Work out your real-world financial position

Your real-world financial position means exactly that. You need accurate figures about your current financial state and your prospects for the foreseeable future (insofar as the future is foreseeable right now).  If you can’t get hard figures then you need to make your estimates as accurate as they can possibly be.  In addition to looking at your income, get a realistic valuation of any assets you own.

Your subsequent decisions are going to be taken based on these figures so take as long as it takes to do a thorough job.  If necessary, get help from a counsellor.  There are charities which offer debt advice for free and which may be able to help you put these figures together.

Work out whether or not you have enough income to pay anything towards your debts

The key point to keep in mind is that your creditors will want anything and everything they can reasonably get from you.  They cannot, however, take what you don’t have and they cannot take so much of what you do have that it leaves you destitute.  This is why it’s so important to have both accurate figures and a realistic view of what the future will hold.  Being overly pessimistic or overly optimistic about your prospects can do a lot of damage to your finances and your future, albeit in different ways.

Work out whether there is any way you can increase your income

This might seem impossible, or at least a very big ask, but it never hurts to look.  At the end of the day, the worst that can happen is that you draw a blank and wind up where you were before.  The best that can happen is that you figure out a path forward to make progress out of your debt situation.
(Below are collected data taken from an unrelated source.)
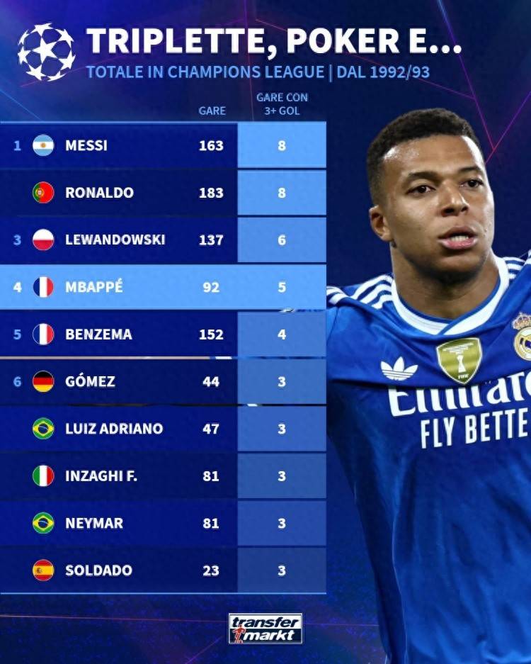 นับตั้งแต่มีการเปลี่ยนแปลงรูปแบบการแข่งขันยูฟ่าแชมเปียนส์ลีก การแข่งขันที่มีประตู 3 ลูกขึ้นไปต่อเกม: เมสซี่และโรนัลโด้นำเป็นอันดับหนึ่งด้วย 8 ประตู, เอ็มบัปเป้อยู่ในอันดับที่ 4 ด้วย 5 ประตู_ลีก_การย้ายทีม_ยุโรป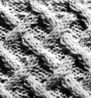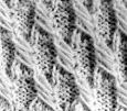 7ème rg: 1 m. lis., 3 m. env., 2 m. croisées devant (c'est-à-dire tric. la 2ème avant la 1ère à l'endroit), *croiser 2 m. derrière (c'est-à-dire tricoter la 2ème à l'end., en la faisant passer derrière la 1ère, tric. la 1ère à l'endroit), 6 m. env., 2 m. croisées devant*.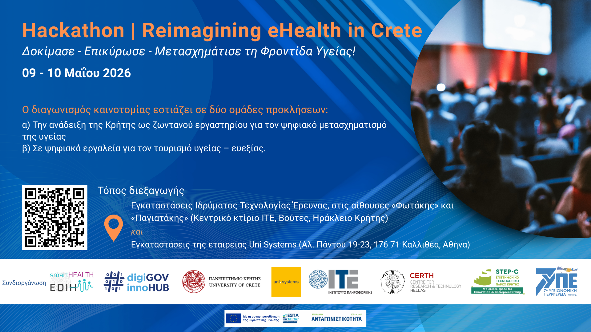Ενημερωτική τηλεδιάσκεψη για τον διαγωνισμό καινοτομίας: Δευτέρα 16/3/2026, 13:00 – 14:30 Τη Δευτέρα 16/3/2026, στο διάστημα 13:00 – 14:30, θα πραγματοποιηθεί, μέσω τηλεδιάσκεψης, ενημέρωση για τον επικείμενο διαγωνισμό καινοτομίας (hackathon) με τίτλο «Reimagining eHealth in Crete». Ο διαγωνισμός θα πραγματοποιηθεί 9 και 10 Μαΐου 2026, με φυσική παρουσία σε Ηράκλειο και Αθήνα και  αποτελεί μία […]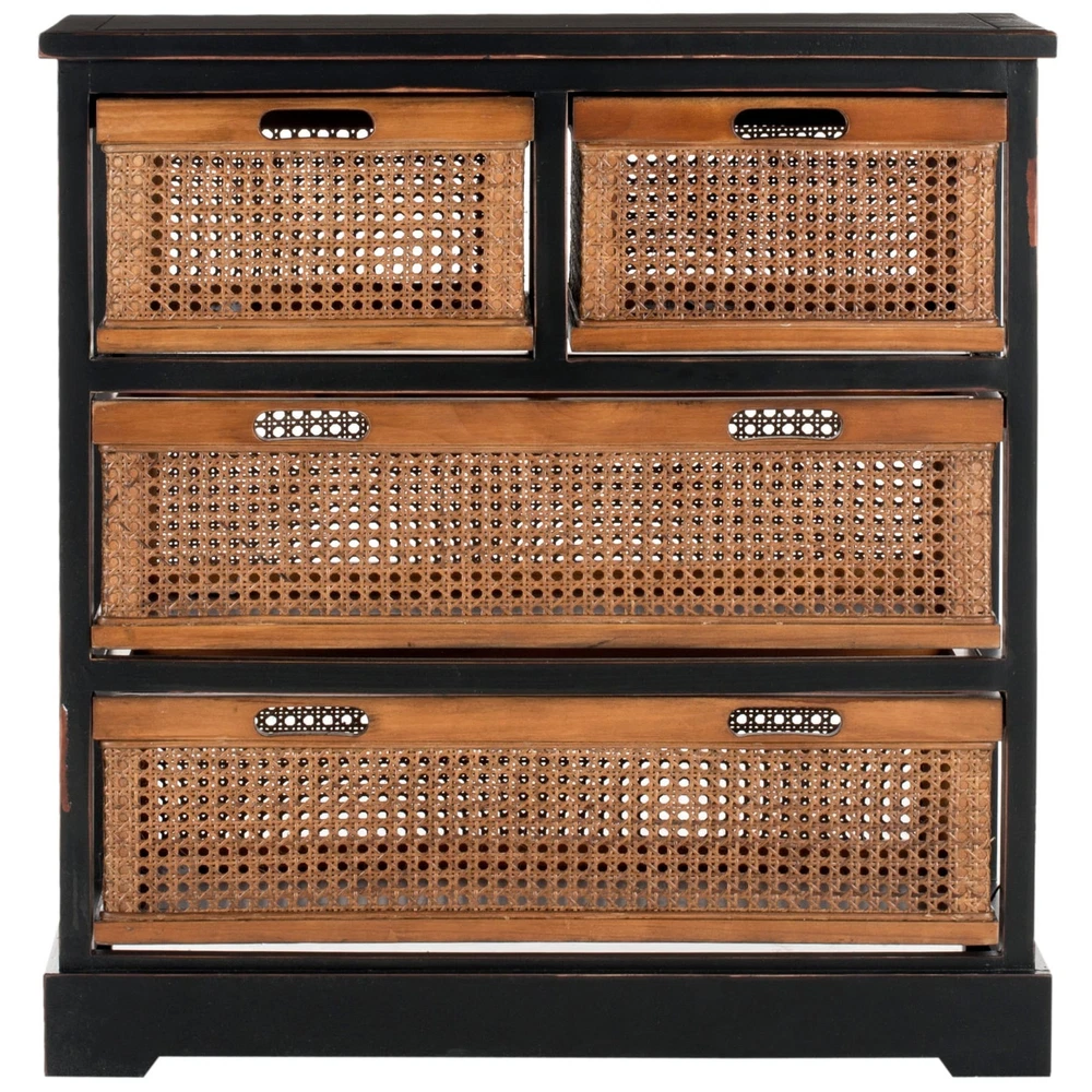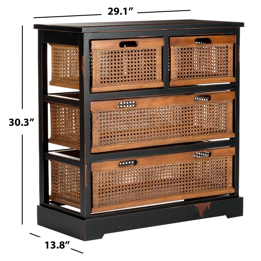 The British Colonial-inspired Jackson four-drawer storage evokes exotic locales abroad, yet features a relaxed vibe and generous storage right at home.Color: BlackMaterials: Pine woodDimensions: 30.3 inches high x 29.1 inches wide x 13.8 inches deepThis product will ship to you in 1 box.Furniture arrives fully assembled Free Shipping Over $49.99* Details SAFAVIEH Jackson Black 4-drawer Wicker Basket Storage Unit Product Description: The British Colonial-inspired Jackson four-drawer storage evokes exotic locales abroad, yet features a relaxed vibe and generous storage right at home. ColorBlack MaterialsPine wood Dimensions30.3 inches high x 29.1 inches wide x 13.8 inches deep This product will ship to you in 1 box. Furniture arrives fully assembled

If you own a property, then you should look particularly closely at opportunities to monetise it.  The most obvious option is to try to let out a portion of it under the government’s “rent a room” scheme.  If you don’t have a spare room then see if you could put children into one room or convert the living room into a bedroom.  It doesn’t have to be forever, it does, however, have to generate enough income to make a meaningful difference to you and your creditors and to justify any inconvenience.

Decide how to go forward

If you own your own home, then think very carefully about whether or not you can really afford to pay your mortgage for the foreseeable future.  If you cannot be confident about this, then you should at least give serious thought to selling on your own terms rather than risking foreclosure.

On similar logic, if you work out that you cannot afford to make even the minimum repayments on your debts and maintain a decent, basic standard of living and you cannot see any realistic prospect of this changing soon, then you may want to chart your own path into insolvency rather than waiting for it to be forced on you.

If you’re in between, then you need to work out a path forward with your creditors.  It may help to do this with a debt counsellor to strike the right balance between making a fair offer and ensuring you have enough for a decent, basic standard of living.